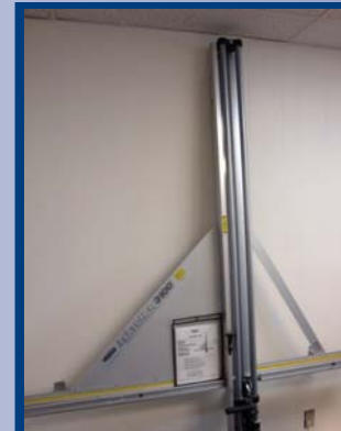
FLETCHER CUTTING MACHINE
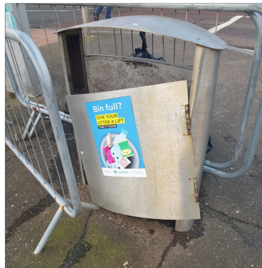
6. Pier Head: near the John Muir Way Start/End Point. Broken hinges and missing base of bin.
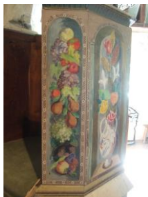
2nd September 2011

Having no more events to report on, we continue with our theme of reviewing some photos of past events. We thank Cynthia Dumbelton for these images from the "Arts and Crafts and the Seaside" holiday in September 2011. (These photos, and more, are also on the web site to a larger scale, along with photographs from the reports above.)
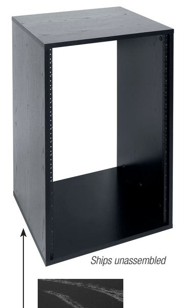
Premium Cathedral Black

wood composite with black woodgrain laminate finish, ships unassembled 16U x 18"D x 20"W
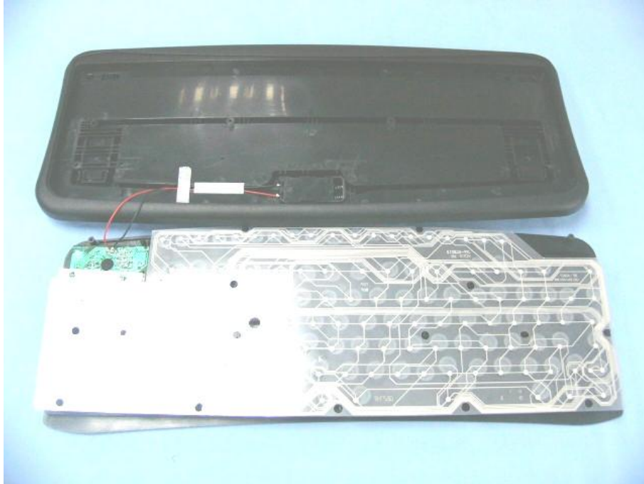
Main board component side
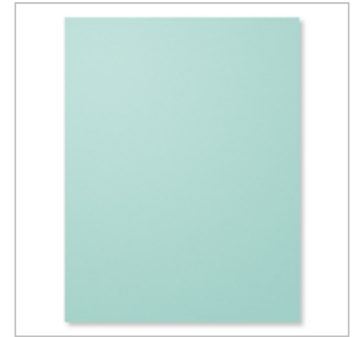
Pool Party 8-1/2" X 11" Cardstock
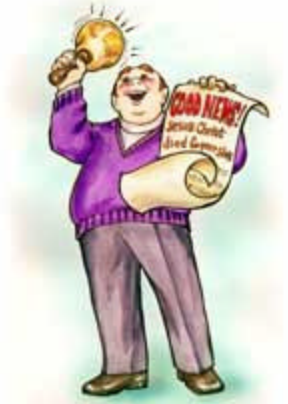
The gender of the character portrayed does not limit this gift, or any gift, to any particular gender.

That does not necessarily mean you are supposed to travel the world, preaching the Gospel. The Greek word " Euangelistes " means to proclaim glad tidings, a messenger of good. It denotes a proclaimer of the Gospel. The evangelist can either be a preacher who stands before a crowd, imploring people to be saved, or perhaps an individual sitting in a living room or on a plane, trying to help people understand what a relationship with Jesus is all about. As an evangelist you have the Spirit-given capacity and desire to serve God by leading people who are beyond your natural sphere of influence toward faith in Jesus Christ.
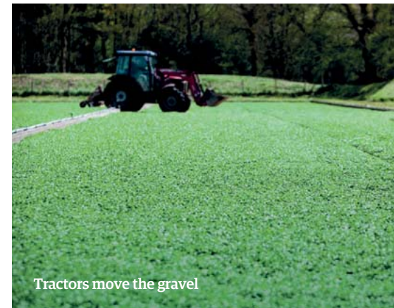
Tractors move the gravel
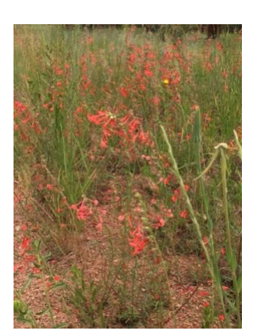
Pink vs. red Ipomopsis -UV tolerance differences?

tolerates UV stress at high elevation with the pigment anthocyanin: anthocyanin is a red pigment that colors flowers and leaves, attracting pollinators and protecting plants from UV stress. We have found evidence that plants at high elevation benefit from less anthocyanin in their flowers to attract a greater diversity of pollinators; however, in decreasing the amount of anthocyanin in their flowers, these plants become less tolerant of UV stress – a tradeoff! I continue to give students a first-hand dose of plant stress in the Sonoran desert with my plant eco-physiology class. Of course, with the pandemic this class was remote last spring - nonetheless, students still learned about stress physiology in plants and analyzed real data from past field trips on how saguaro cacti tolerate thermal stress. Finally, Charlotte, Elsa, and I digitized most of the Carter/Kelso herbarium at CC - you can find this amazing digital resource on our department website.
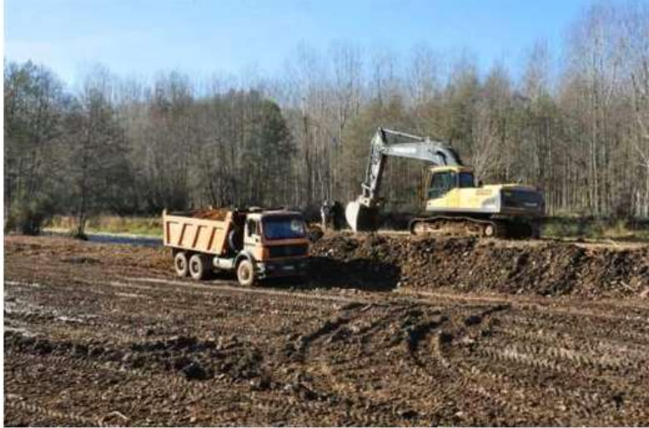
Figure 7. An artificial levee is lowered to recover lateral connectivity.

active public participation process was set in place, involving stakeholders in 50 meetings during 3 years and including environmental river restoration volunteering by NGOs, eventually facilitating a successful implementation.
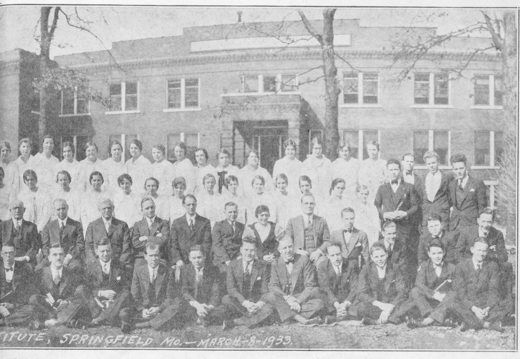
ral Bible Institute, Springfield, Missouri

might receive the grace of God in vain, not allowing God to work out its fruitage in one's life. The excellence of receiving not the grace of God in vain is "giving no offense in anything, that the ministry be not blamed." May you develop a sensitiveness toward your ministry, so much so that you would find it more pleasant to accept a personal slight or an attachment of blame to yourself than to have unfair and hurtful criticism made of your ministry. It may be personal with me, but long ago I found it easier for me to accept a personal slight or unwarranted criticism rather than to have my ministry blamed and handicapped, for I count my ministry the most sacred and valuable thing I have in life. May you ever hold your ministry in high esteem. There have been Christian workers who have so deported themselves as to give offense that has resulted in their ministry being brought into reproach. Prayerfully do we admonish you that you ever seek to avoid such.
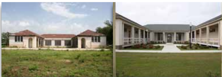
The Randolph School in Pass Christian before and after rehabilitation

Among the many outstanding rehabilitations completed with HRG funding during FY 2012 are three former schools constructed in the 1920s with grant assistance from the Julius Rosenwald Foundation, which was established to help provide educational facilities for African-Americans. The Walthall County Training School near Tylertown is now owned and managed by the school's
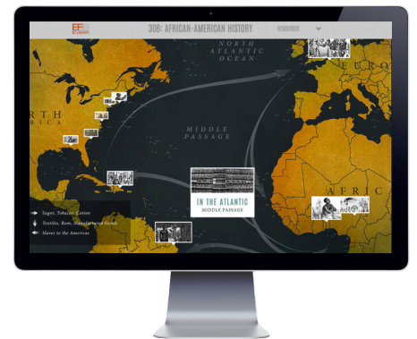
Trans-Atlantic Slave Trade Interactive Map
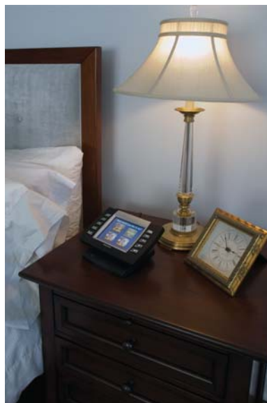
Crestron remotes control floor temperature and all audio/video.
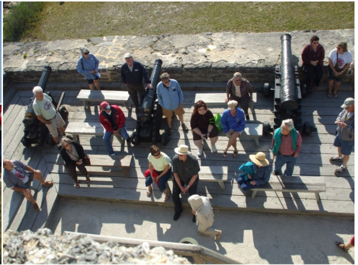
a view below from the roof of the Fort
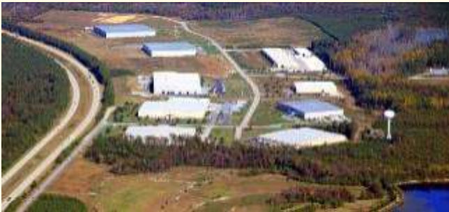
SouthPoint Business Park, Prince George County, VA.

The mission of The Hollingsworth Companies Industrial Building Program is to improve the profitability of our clients' business, while improving the quality of life in our communities by producing high-quality industrial facilities at the lowest achievable cost in the shortest possible time.
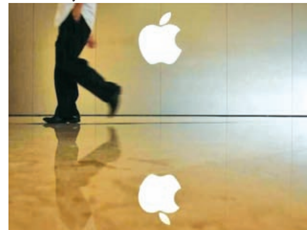
A man walks past the logo at an Apple store in the southern Chinese city of Shenzhen, neighbouring Hong Kong on 9 Sept, 2013.

After the verdict, Apple said it intended to take the case to the Beijing Higher People's Court, according to the People's Daily . "Unfortunately, we were not aware of Zhizhen's patent before we introduced Siri (speech recognition technology) and we do not believe we are using this patent," said a Beijing-based Apple spokeswoman in an emailed statement to Reuters . "While a separate court considers this question, we remain open to reasonable discussions with Zhizhen," the spokeswoman said. — Reuters .
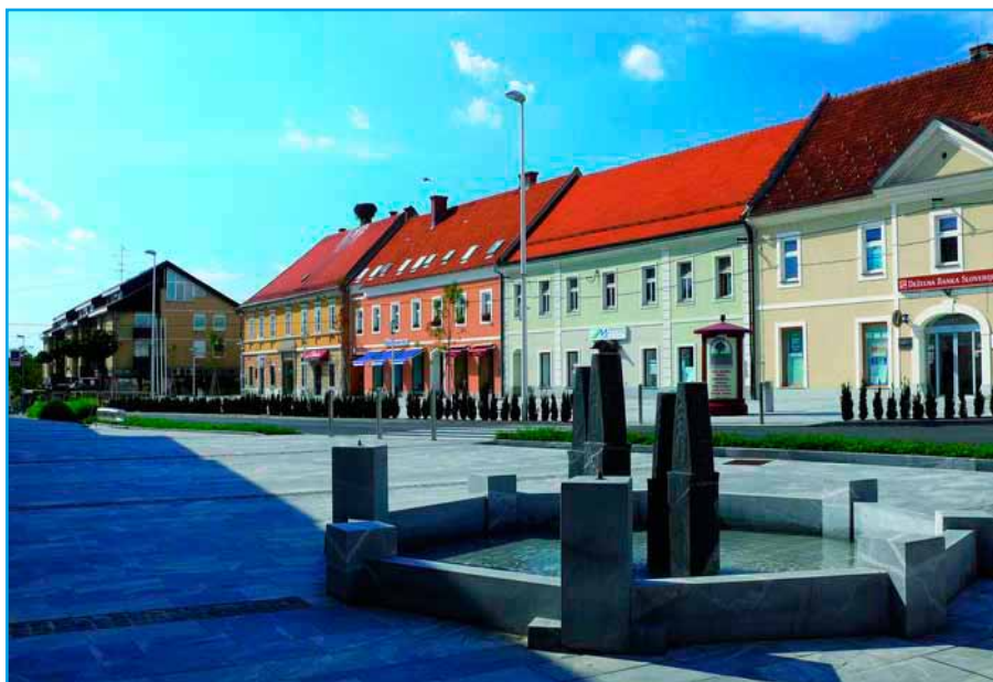
View of Kerenčič Square in Ormož.
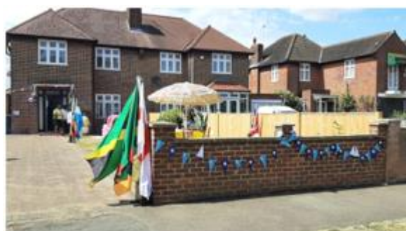
Ministry Mission Home

The Ministry contributed by bringing and sharing food from their heritage and we even sang National Anthems of the people represented including Italy, Jamaica and Great Britain
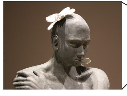
A sculpture about identity by Collin Hassler
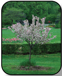
Flowering Crab Coralburst Pg. 14
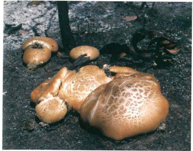
Below: A mushroom attached to its 'stone'

GROUP: Basidiomycetes. Polypores (fleshy or woody bracket-like fungi with pores).
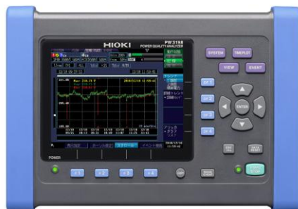
POWER QUALITY ANALYZER PW3198
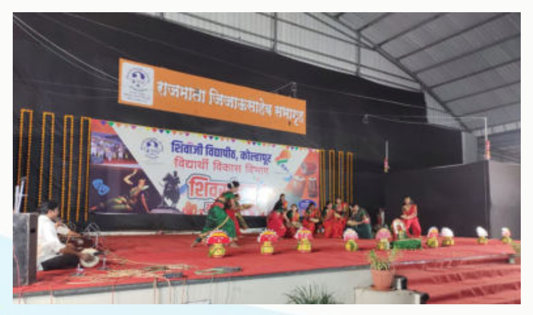
Group Dance in Shivspandan
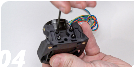
04 Insert the four M3x14 SHCS screws and tighten them
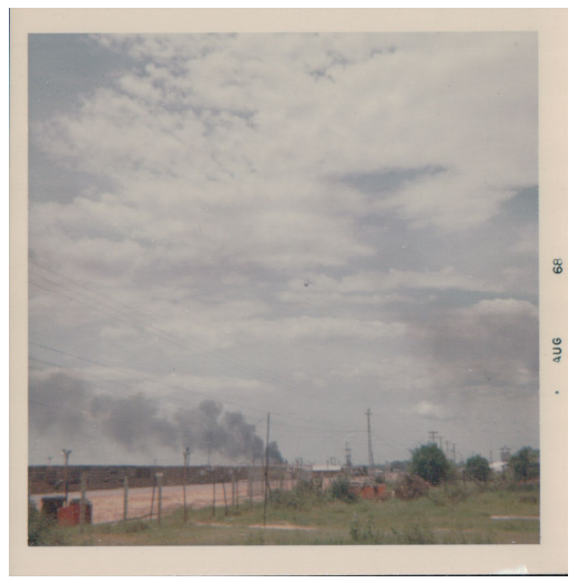
Da Nang August 22 , 1968 Huey's Rocket Attack
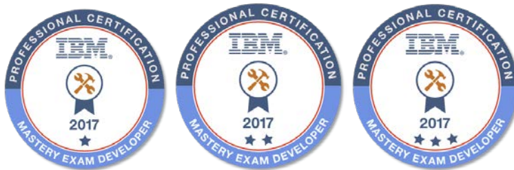
Figure 2. Tiered badging system. IBM uses stars to indicate the level of skill a particular badge represents.

Badge scope. Open badges can represent any number of skills or experiences; however, most badges are designed to represent distinct individual skills or accomplishments. In such settings, tiered systems with multiple badges (i.e., beginner, intermediate, expert) can be used to represent complicated skills.
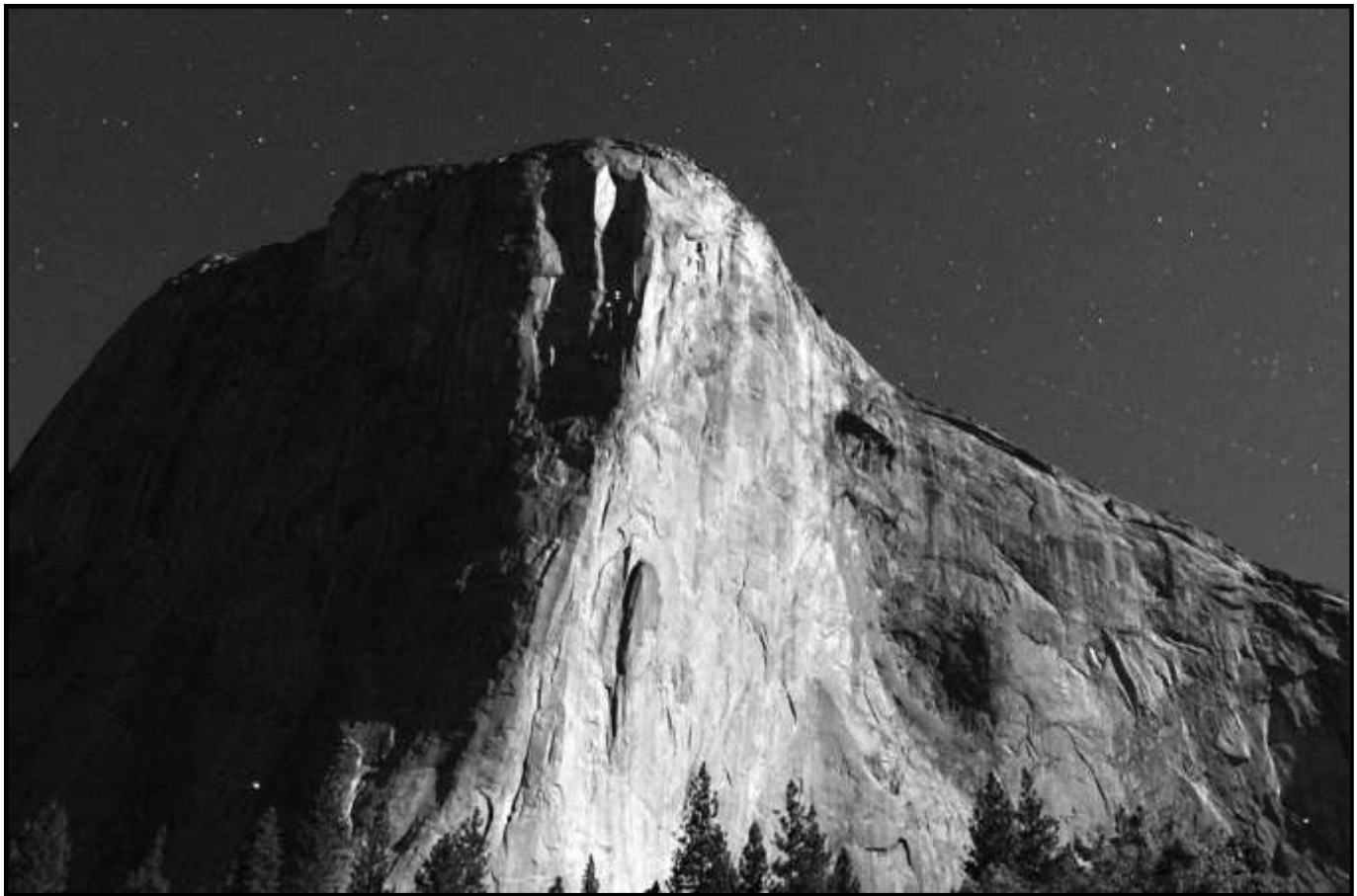
El Capitan Moonlight
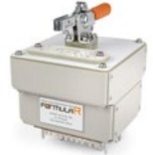
Standard test fixture for testing electromagnetic relays using FORMULA® R Test Systems
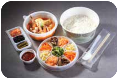
Soft Tofu Stew with Seafood + Bibimbap
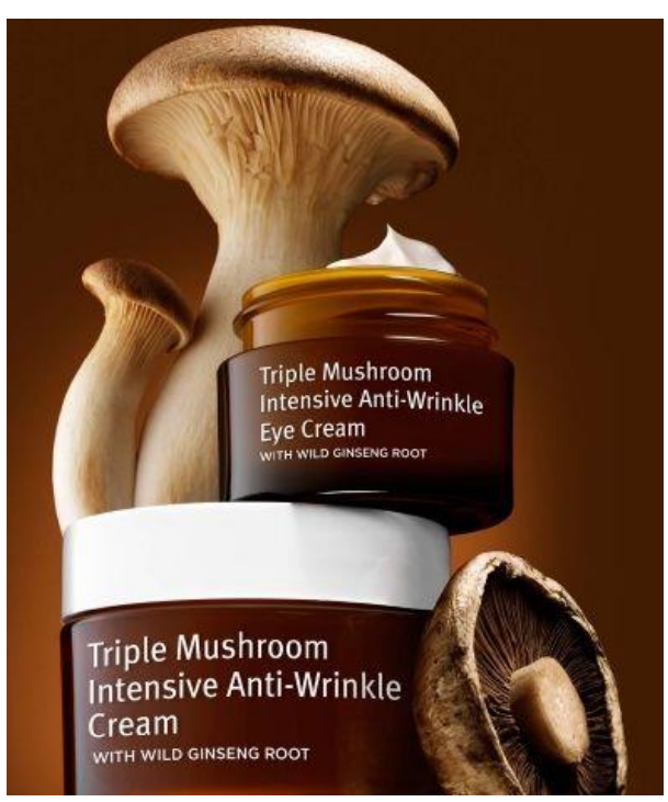
Figure 9. Cosmetic product containing mushrooms

Today, cosmetics with commercial value contain products of herbal origin. In addition to the herbal cosmetics, cosmetic products containing fungi include anti-aging, antioxidants, skin care products (Figure 9-10)<sup>47,48</sup> such as skin brightening and hair products<sup>49</sup>.
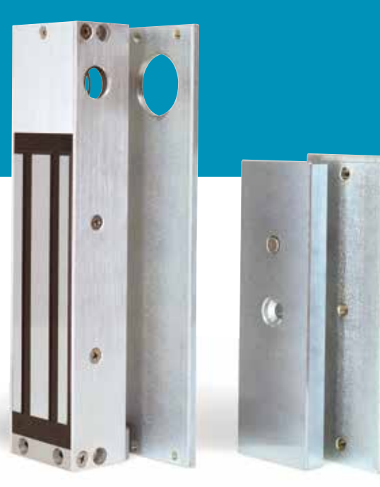
DKGL-S12 1200 Lb Maglock and Armature with Welding Mounting Brackets

DKGL Single Gates 600 and 1200 Lb lock strength
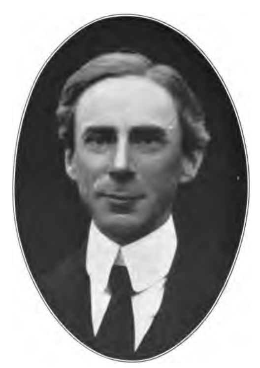
HONORABLE BERTRAND RUSSELL AUTHOR OF JUSTICE IN WAR TIME
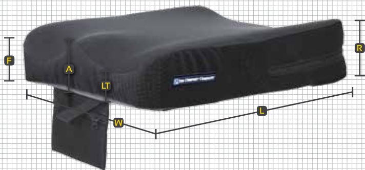
*SEE CHART FOR DIMENSIONS
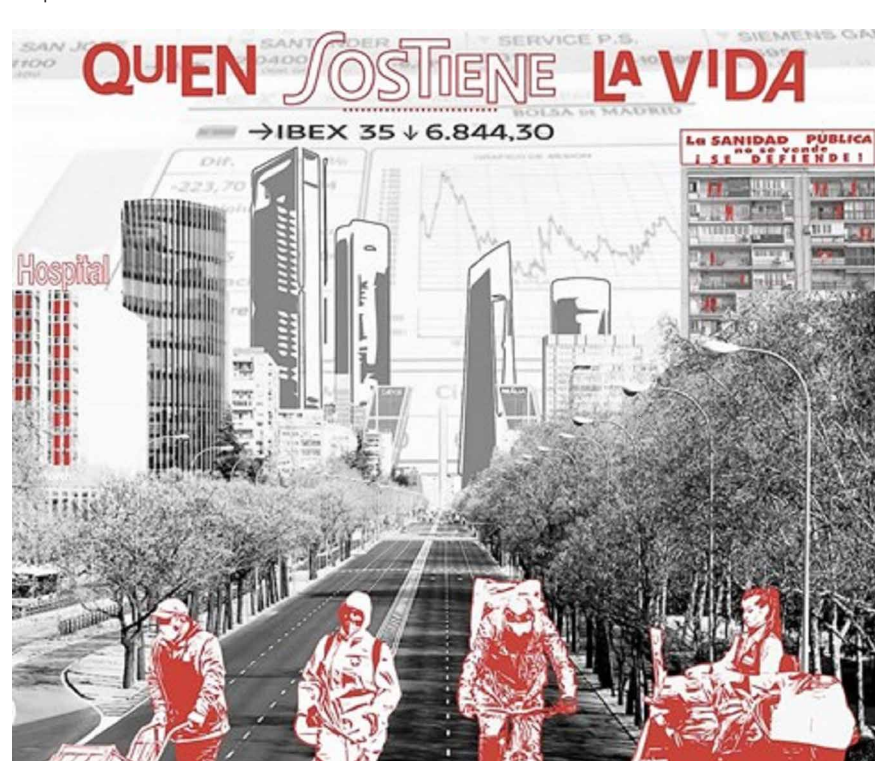
Image C2.3 "Quien sostiene la vida" / "Those who sustain life" (2020).

————

**Goal of the exercise:**
Write the lines out word for word, starting at the one with "Soft Tofu Stew with Seafood + Bibimbap" and stopping after the last line of the material above, with pictures excluded.

**Response below:**
Soft Tofu Stew with Seafood + Bibimbap
Figure 9. Cosmetic product containing mushrooms

Today, cosmetics with commercial value contain products of herbal origin. In addition to the herbal cosmetics, cosmetic products containing fungi include anti-aging, antioxidants, skin care products (Figure 9-10)<sup>47,48</sup> such as skin brightening and hair products<sup>49</sup>.
DKGL-S12 1200 Lb Maglock and Armature with Welding Mounting Brackets

DKGL Single Gates 600 and 1200 Lb lock strength
HONORABLE BERTRAND RUSSELL AUTHOR OF JUSTICE IN WAR TIME
*SEE CHART FOR DIMENSIONS
Image C2.3 "Quien sostiene la vida" / "Those who sustain life" (2020).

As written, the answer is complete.